Oddly enough, given that he argues that children should be eligible for relief without conditions as they fall into his category of those entitled to be taken care of, he then clarifies his position and argued the basis for forcing pauper children and orphans to work for their keep; it seems that relief without preconditions of labour just doesn’t exist, this always brings to mind Scrooge's lament when asked for a charitable donation in "A Christmas Carol", that is "are there no prisons are there no workhouses?":
Position 47: From the labour of a Minor, brought up and educated at the public charge, the public may, without injustice, hardship or even deviation from established law, or usage, reap the utmost profit that such labour can be made to yield, consistently with regard due, [...], to the health and permanent welfare of the individual, and that, from the period, whatever it may be, of his being taken under public care, until the expiration of his minority (Bentham, 1796, p. 53).
This then leaves us with the most common case of labour, number 4, that of extra-ordinary ability to labour. If a person with no limbs can be forced to labour for his relief, what then for those who are unemployed but with no physical or mental problems, but simply bad luck, a change in the economic situation, the introduction of machinery leading to unemployment or any other normal misfortune that can befall a worker? Again, the answer is obvious, you either earn your relief in the workhouses (or as Bentham terms them Houses of Industry) or you get no relief. So Bentham argues for the creation of these Houses of Industry by the government (as public money is needed to ensure continuity).

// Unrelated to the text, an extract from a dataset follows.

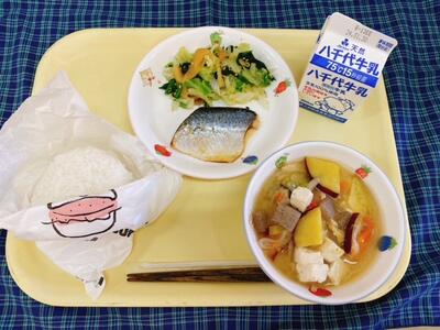 ごはん、豆腐ハンバーグ、ひき菜いり、のっぺい汁、牛乳

However, this leads to an obvious question, if we are going to build Houses of Industry and are going to force people to work to obtain relief, why do we not just create government industries and jobs and pay these workers at the social subsistence wage, why do we need to offer "relief" and pay below the socially accepted level of wages? Obviously, these jobs do not exist or people would happily be working in them as given the conditions in a workhouse, you would even be better off begging than to enter them. So, if we can create work in a work-house (whose products are then sold in the market) why not create real employment? This argument seems to forget that in an economy with large agricultural production, there is such a thing as seasonal unemployment and that those who are in need temporarily will have work available later in the year; wouldn’t an advocacy of better wages and differing forms of payment actually be of more use? Moreover, given that unemployment is almost a constant condition of the capitalist economic system at least for most people for some period of time and for many people for long periods of time, the amount that would need to be invested to create workhouses may be better spent to cover those in temporary need, provide work at the normal wage levels in a situation of economic crisis, and ensure the survival of those who simply are unable to find employment?
For the earlier diaries on this subject see:
http://www.dailykos.com/... and
http://www.dailykos.com/...
References:
Bentham, Jeremy, Writings on the Poor Laws, vol I, edited by Michael Quinn, Clarendon Press Oxford, 2001.
Bentham, Jeremy, (1796) "Essays on the Subject of the Poor Laws, Essay I and II," in Writings on the Poor Laws, Volume I, pp. 3-65.